To allow rescission of the 1990 loan and to find Mid-Penn liable for additional statutory penalties would impose penalties twice for the material violation of TILA that was found in connection with the 1989 loan. That this is so is obvious when one considers that a simple recalculation of the payoff figure of the 1989 loan based on amounts determined after rescission of that loan will result in a determination of the accurate balance due on the 1989 transaction.
Although a single violation of TILA gives rise to full liability for statutory damages, 15 U.S.C. § 1640(a), multiple violations of TILA in the course of a single loan do not yield multiple penalties but result in only a single penalty. 15 U.S.C. § 1640(g). Congress never intended that a material violation in one year giving the consumer the right to rescind would require the imposition of statutory penalties in a subsequent year where, as in this case, the lender corrected its disclosure failure in the subsequent year.
The Wrights' claim for rescission and statutory damages in connection with the 1990 transaction appear to be based on an opinion of another bankruptcy judge in In re Steinbrecher, 110 B.R. 155 (Bkrtcy., E.D.Pa.1990).
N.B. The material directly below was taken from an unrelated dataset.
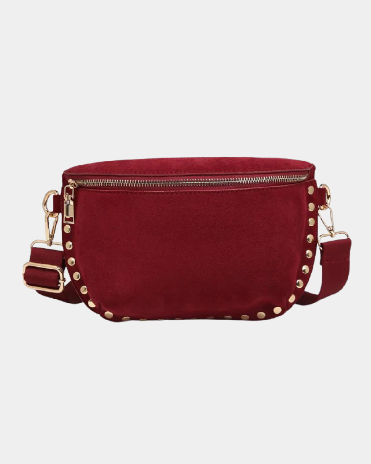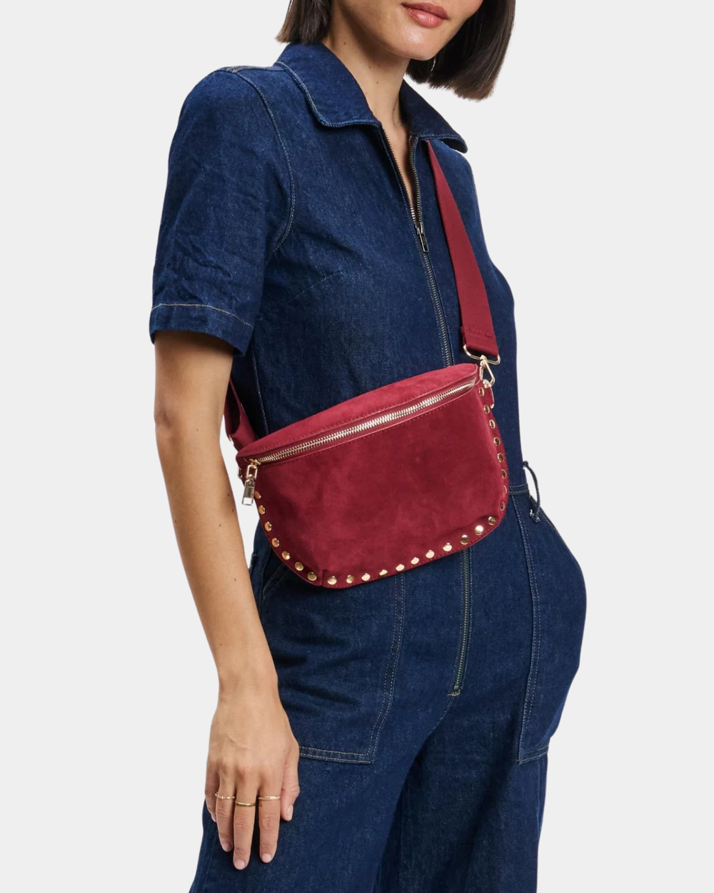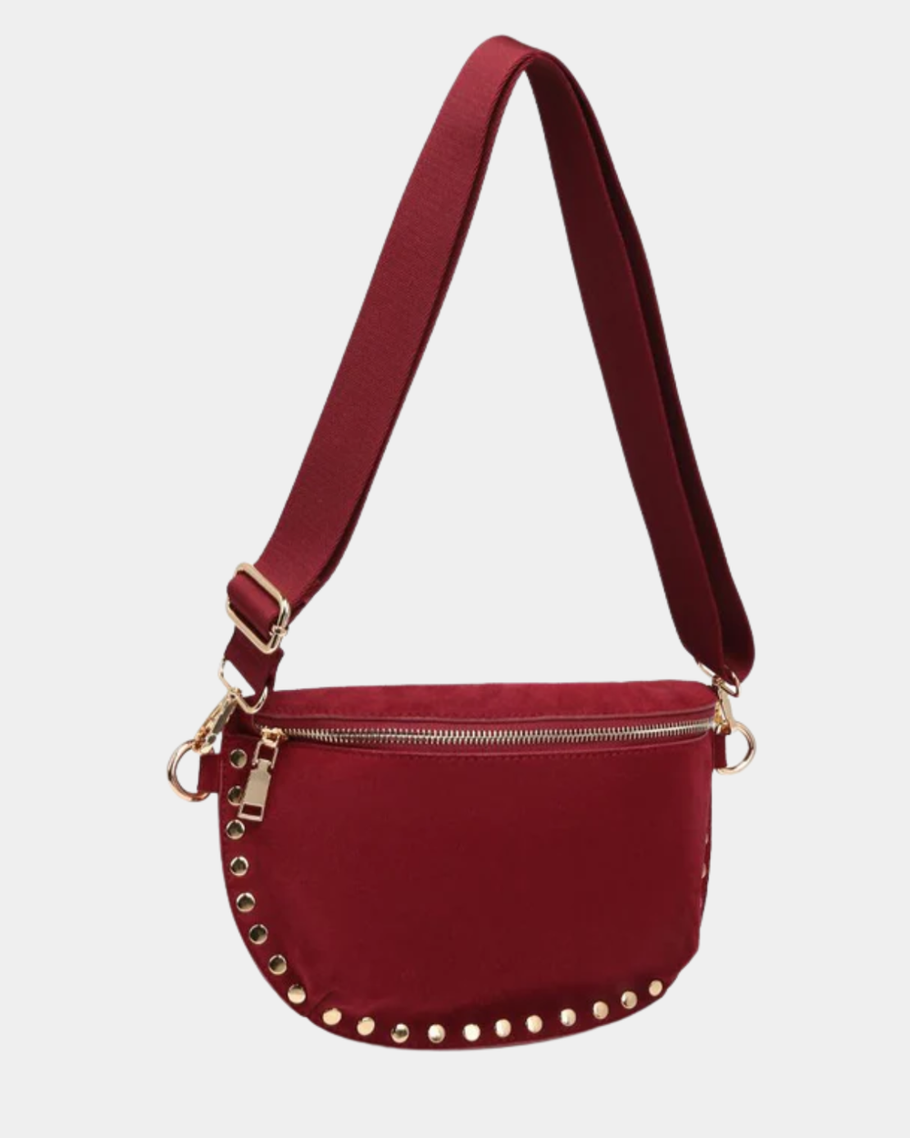 Step out in style with the Gizelle Suede Belt Bag—where chic meets convenience for the woman on the move. With its studded flair and versatile straps, it’s your perfect partner from sunrise to sunset.
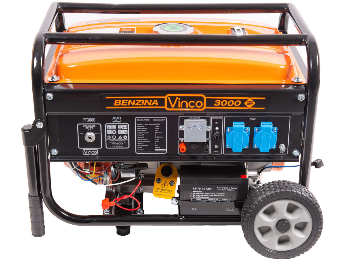 Agregat VINCO pracuje na silniku czterosuwowym o mocy ciągłej wynoszącej 2500 W i napięciu 230 V. Jego wykonanie z materiałów wysokiej jakości pozwoli zasilić najpotrzebniejsze sprzęty, a dzięki pojemności silnika wynoszącej 200 cm³ i 15 l zbiornikowi paliwa pozwoli na funkcjonowanie przez 12 h przy 50% mocy.

However, there is a material difference between the facts in Stein-brecher and the facts in this case. In Steinbrecher, the creditor never corrected its failure to disclose the consumer's option to place their own property insurance. In this case, as the record shows, Mid-Penn did. It is the opinion of this Court that the factual determinations made by the bankruptcy judge in this case in connection with the 1990 transaction are correct and should be affirmed.
. Footnotes have the same legal effect as the text of the regulation. 12 C.F.R. § 226.2(b)(4).